Я ему даже не ответил. Бросил клочки в корзинку, и все. Потом лег на кровать, и мы оба долго молчали. Он разделся, остался в трусах, а я закурил, лежа на кровати. Курить в спальнях не полагается, но поздно вечером, когда одни спят, а другие ушли, никто не заметит, что пахнет дымом. И потом мне хотелось позлить Стрэдлейтера. Он из себя выходил, когда нарушали правила. Сам он никогда в спальне не курил. А я курил.
Так он и не сказал ни единого словечка про Джейн, ничего. Тогда я сам заговорил:
— Поздно же ты явился, черт побери, если ее отпустили только до девяти тридцати. Она из-за тебя не опоздала, вернулась вовремя?
Он сидел на краю своей койки и стриг ногти на ногах, когда я с ним заговорил.
— Самую малость опоздала, — говорит. — А какого черта ей было отпрашиваться только до половины десятого, да еще в субботу?
О господи, как я его ненавидел в эту минуту!
— В Нью-Йорк ездили? — спрашиваю.
— Ты спятил? Как мы могли попасть в Нью-Йорк, если она отпросилась только до половины десятого?
— Жаль, жаль! — сказал я.
Он посмотрел на меня.
— Слушай, если тебе хочется курить, шел бы ты в уборную. Ты-то отсюда выметаешься, а мне торчать в школе, пока не окончу.
Я на него даже внимания не обратил, будто его и нет. Курю как сумасшедший, и все. Только повернулся на бок и смотрю, как он стрижет свои подлые ногти. Да, ничего себе школа! Вечно при тебе то прыщи давят, то ногти на ногах стригут.
— Ты ей передал от меня привет? — спрашиваю.
— Угу.
Черта лысого он передал, подонок!
— А что она сказала? Ты ее спросил, она по-прежнему ставит все дамки в последний ряд?
— Нет. Не спросил. Что мы с ней — в шашки играли весь вечер, как, по-твоему?
Я ничего ему не ответил. Господи, как я его ненавидел!
— Раз вы не ездили в Нью-Йорк, где же вы с ней были? — спросил я немного погодя. Я ужасно старался, чтоб голос у меня не дрожал, как студень. Нервничал я здорово. Видно, чувствовал, что что-то неладно.

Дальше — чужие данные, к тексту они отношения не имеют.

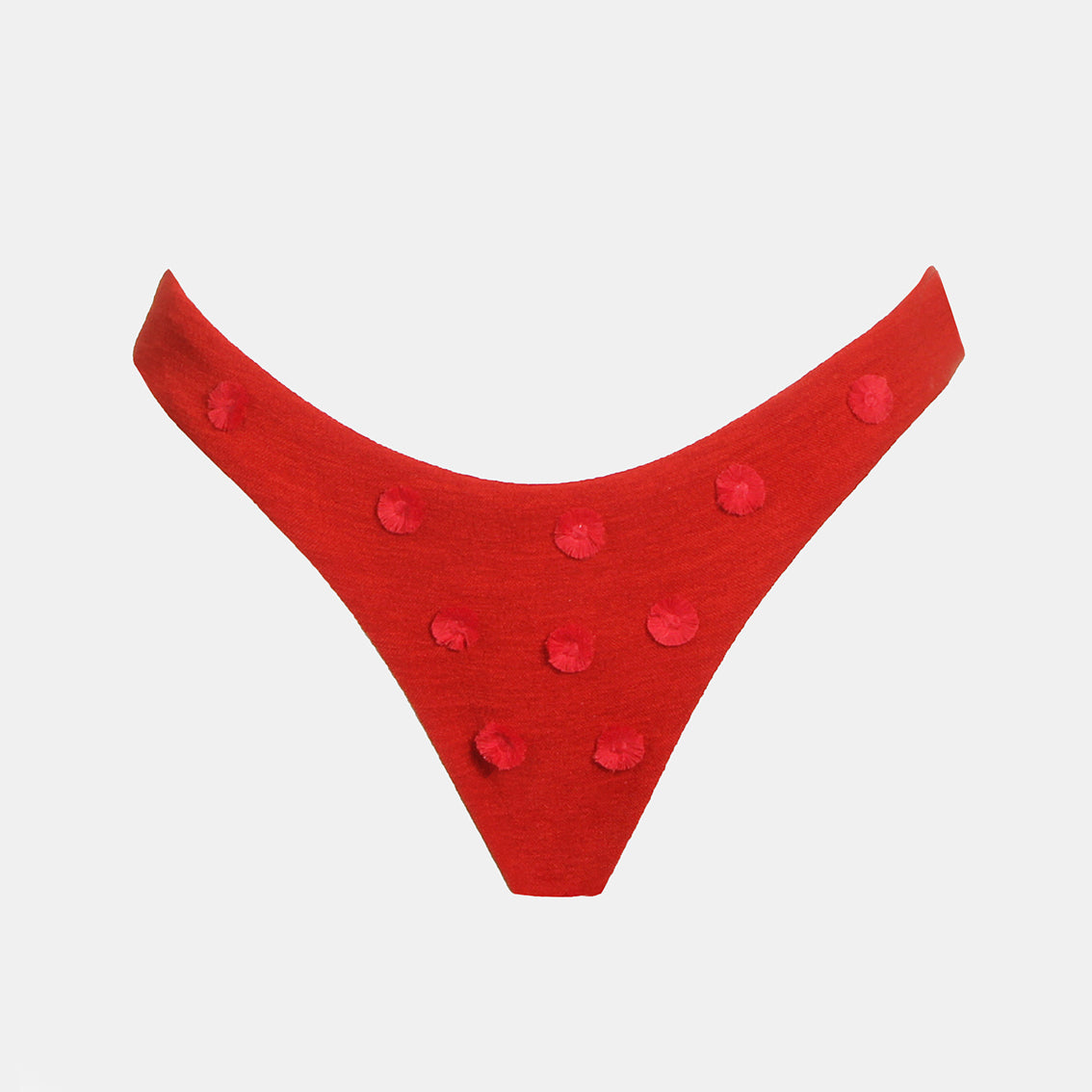 - A Calcinha Marina é uma calcinha inteira, de cobertura média, finalizada com nossos clássicos pompons, bordados um a um à mão, é uma calcinha extremamente confortável

Он наконец обрезал ногти. Встал с кровати в одних трусиках и вдруг начал дурака валять. Подошел ко мне, нагнулся и стал меня толкать в плечо — играет, гад.
— Брось, — говорю, — куда же вы девались, раз вы не поехали в Нью-Йорк?

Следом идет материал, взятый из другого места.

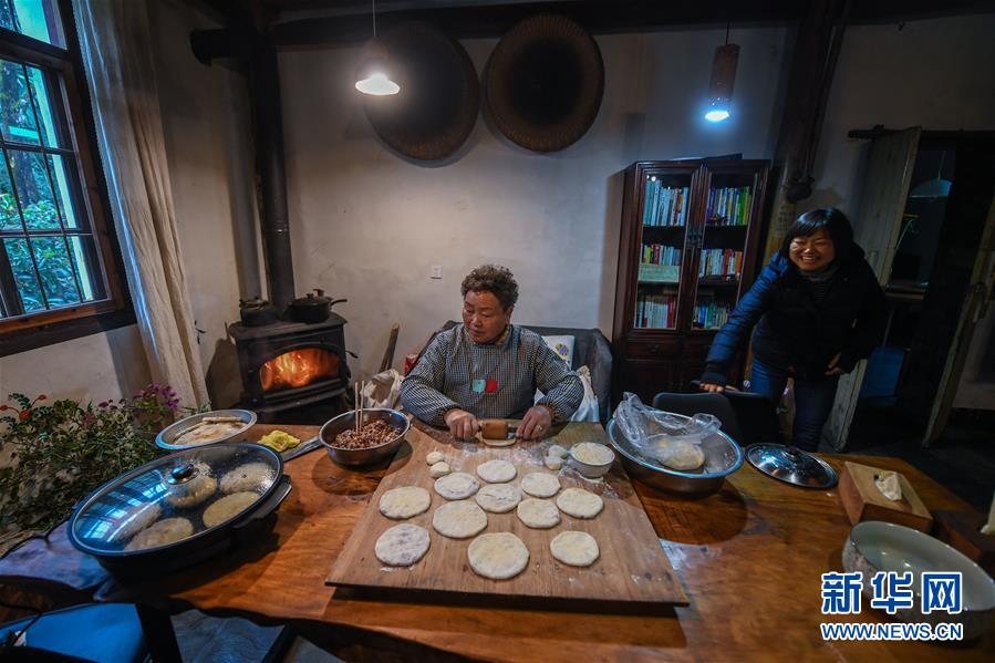 12月19日,民宿“僻地寒楼”的主人张雁(右)和妈妈在制作特色美食。该民宿共有7幢风格各异的小屋分布在山坡上,颇具特色。河桥镇青年张雁辞去了上海的工作,回到家乡开办了这家民宿。 新华社记者 徐昱 摄

— Никуда. Сидели в машине, и все! — Он опять стал толкать меня в плечо, дурак такой.
— Брось! — говорю. — В чьей машине?
— Эда Бэнки.
Эд Бэнки был наш тренер по баскетболу. Этот Стрэдлейтер ходил у него в любимчиках, он играл центра в школьной команде, и Эд Бэнки всегда давал ему свою машину. Вообще ученикам не разрешалось брать машину у преподавателей, но эти скоты спортсмены всегда заодно. Во всех школах, где я учился, эти скоты заодно.
А Стрэдлейтер все делает вид, будто боксирует с тенью, все толкает меня в плечо и толкает. В руках у него была зубная щетка, и он сунул ее в рот.
— Что ж вы с ней делали? Путались в машине Эда Бэнки? — голос у меня дрожал просто ужас до чего.
— Ай-ай-ай, какие гадкие слова! Вот я сейчас намажу тебе язык мылом!
— Было дело?
— Это профессиональная тайна, братец мой!
Дальше я что-то не очень помню. Знаю только, что я вскочил с постели, как будто мне понадобилось кое-куда, и вдруг ударил его со всей силы, прямо по зубной щетке, чтобы она разодрала его подлую глотку. Только не попал. Промахнулся. Стукнул его по голове, и все. Наверно, ему было больно, но не так, как мне хотелось. Я бы его мог ударить больнее, но бил я правой рукой. А я ее как следует не могу сжать. Помните, я вам говорил, как я разбил эту руку.
Но тут я очутился на полу, а он сидел на мне красный как рак. Понимаете, уперся коленями мне в грудь, а весил он целую тонну. Руки мне зажал, чтоб я его не ударил. Убил бы я его, подлеца.
— Ты что, спятил? — повторяет, а морда у него все краснее и краснее, у болвана.
— Пусти, дурак! — говорю. Я чуть не ревел, честное слово. — Уйди от меня, сволочь поганая, слышишь?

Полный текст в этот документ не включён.